What do you think about Francis Collins Picked To Head NIH? The NPR piece lays his credentials, faith, and embracing of the two out in the open. I wonder how many hits there will be to BioLogos (which the NPR article links to) over the course of the next several days? See BioLoguration for my earlier comments on the blog aspect of this amazing resource. And if you haven’t read Collins’ The Language of God: A Scientist Presents Evidence for Belief, it’s time to pick up a copy (or at least catch the NPR interview) so you can talk about it with your family, neighbors, and colleagues 😉
Tom enjoys daily conversations regarding living out the Biblical Story with his wife Theresa and their four girls, around the block, at Elizabethtown Brethren in Christ Church (where he teaches adult electives and co-leads a small group), among healthcare professionals as the Northeast Regional Director for the Christian Medical & Dental Associations (CMDA), and in higher ed as a volunteer with the Emerging Scholars Network (ESN). For a number of years, the Christian Medical Society / CMDA at Penn State College of Medicine was the hub of his ministry with CMDA. Note: Tom served with InterVarsity Christian Fellowship / USA for 20+ years, including 6+ years as the Associate Director of ESN. He has written for the ESN blog from its launch in August 2008. He has studied Biology (B.S.), Higher Education (M.A.), Spiritual Direction (Certificate), Spiritual Formation (M.A.R.), Ministry to Emerging Generations (D.Min.). To God be the glory!

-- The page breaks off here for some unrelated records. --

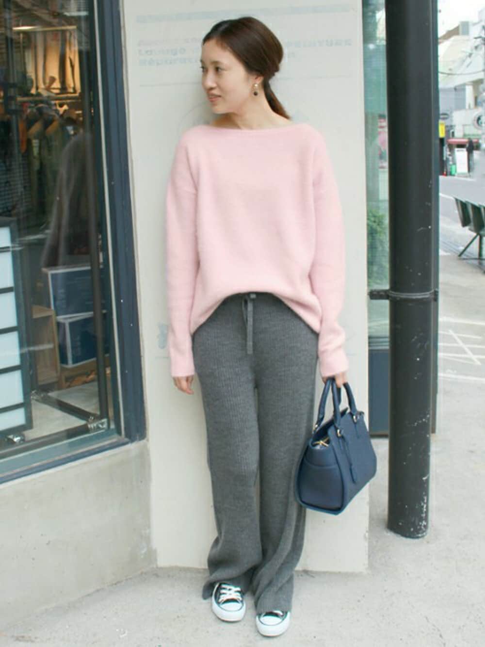 今年注目のカラーニット。 優しい色合いのピンクカラーが冬のスタイルを明るくしてくれます。
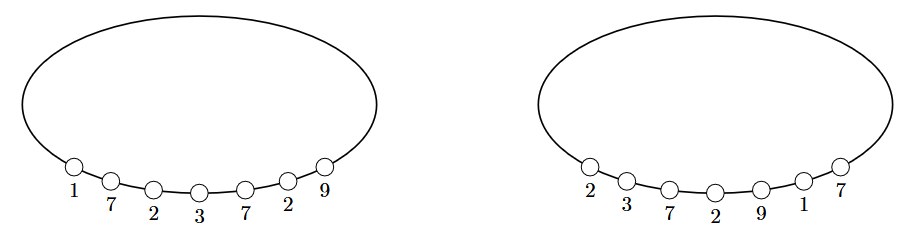 Bajtazar 的妻子买了一条美丽的项链,由若干颗珍珠依次挂在构成圆形环状的链子上。当佩戴项链时,所有珍珠都位于颈前,而头后是一段没有珍珠的链子。然而珍珠并非永久固定在链子上:可以将任意数量的末端珍珠沿链子绕过头部,移到项链的另一端。
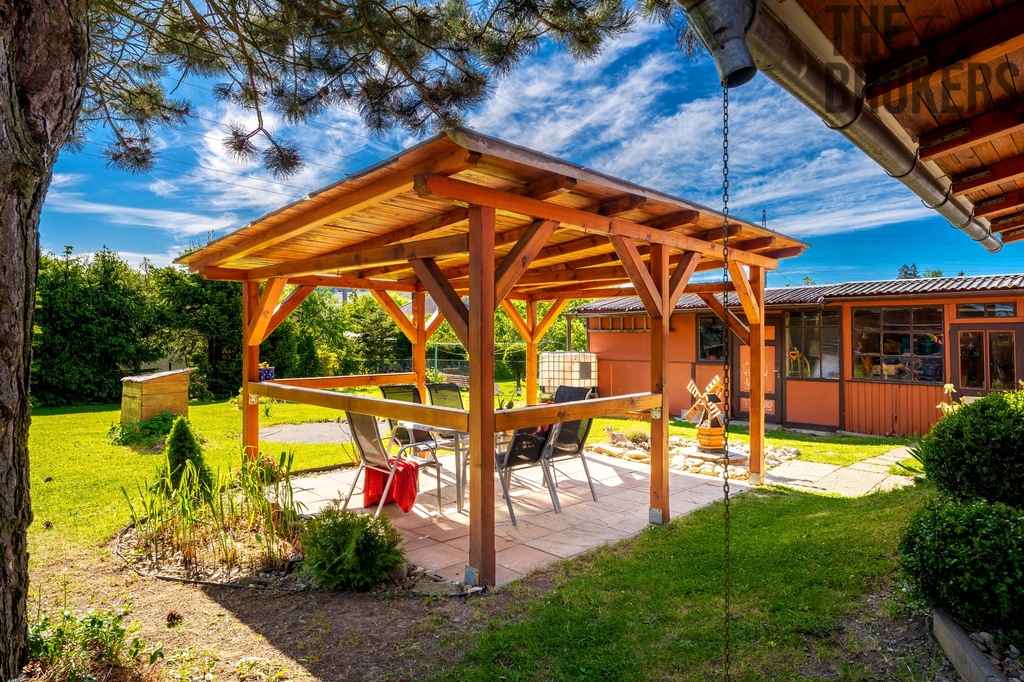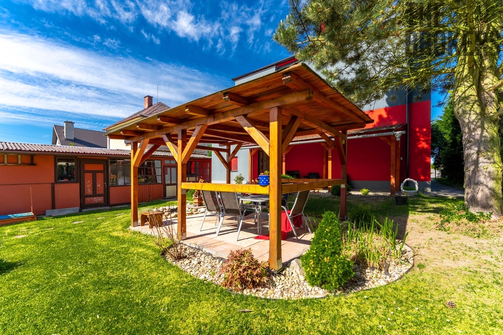 K domu náleží krásná, udržovaná zahrada o velikosti 819 m², kde najdete dostatek prostoru pro odpočinek, hry s dětmi i rodinné grilování. Pergola i zahradní domek poskytují praktické zázemí pro relax i práci.
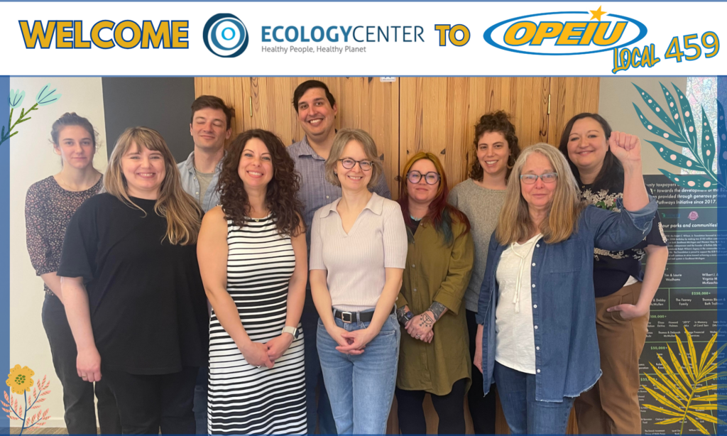 Ecology Center staff have elected to join OPEIU Local 459! This group consists of leaders in the fight for environmental sustainability. We are proud to welcome them as members and partner with them in the important work they do. You can learn more about how to get involved by signing up to receive email updates from the Center https://www.ecocenter.org/sign-email
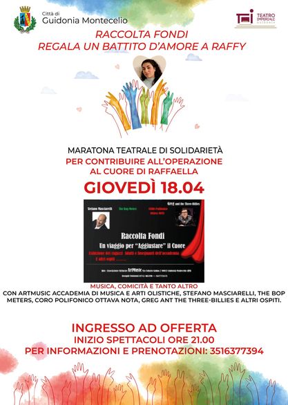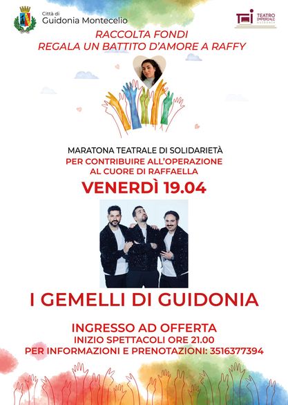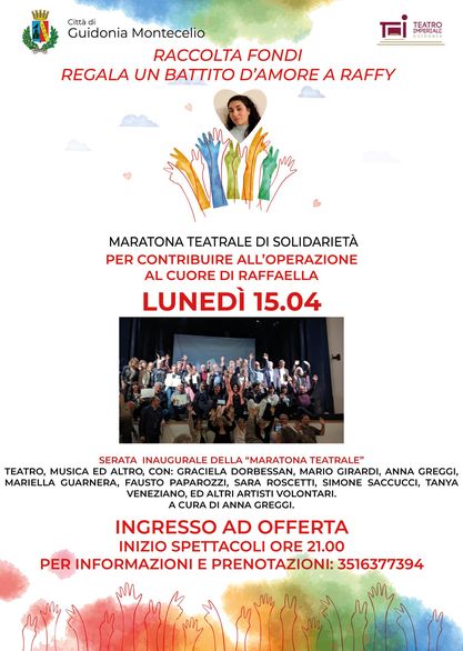 Il programma degli spettacoli organizzati dall’Amministrazione Comunale, in collaborazione con il Teatro Imperiale, per sostenere una giovane ragazza guidoniana che necessita di una delicata e costosa operazione al cuore negli Stati Uniti.

This is great, great news!
You should also read an interview with Collins in the latest issue of Books and Culture. I don’t know if they’ve made it available online yet, but it’s a great read.
Collins is a good Christian man, but it is unfortunate that he has picked a fight with the ID movement. His book is widely panned as having two halves that contradict each other. The first half uses various scientific evidences to argue for the existence of God (the lack of an explanation for the fine tuning of the universe, the lack of an adequate evolutionary psychology to explain guilt and morality) and then in the second half he says that using scientific evidences is wrong-headed. It seems that in fact, evidences in nature brought him to belief, but afterwards, he fell into theistic evolutionist camps that convinced him not to argue that way.
FYI:
http://www.washingtonpost.com/wp-dyn/content/article/2009/07/14/AR2009071402890.html?nav=rss_opinion/columns
I’ve been waiting for “the culture war” advanced by “the new atheism.” Sam Harris’ NY Times Op-Ed “Science Is in the Details” (http://www.nytimes.com/2009/07/27/opinion/27harris.html, 7/26/2009) is a well written, must read piece in which he works to the conclusion:
“Francis Collins is an accomplished scientist and a man who is sincere in his beliefs. And that is precisely what makes me so uncomfortable about his nomination. Must we really entrust the future of biomedical research in the United States to a man who sincerely believes that a scientific understanding of human nature is impossible?”
Hmm. How would you respond to him?
So, if I understand Harris, he thinks that a latent purpose of the government (i.e. the NIH) is “understanding human well-being at the level of the brain” and then acting on the brain in order to bring about human well-being.
Is Harris advocating for Brave New World?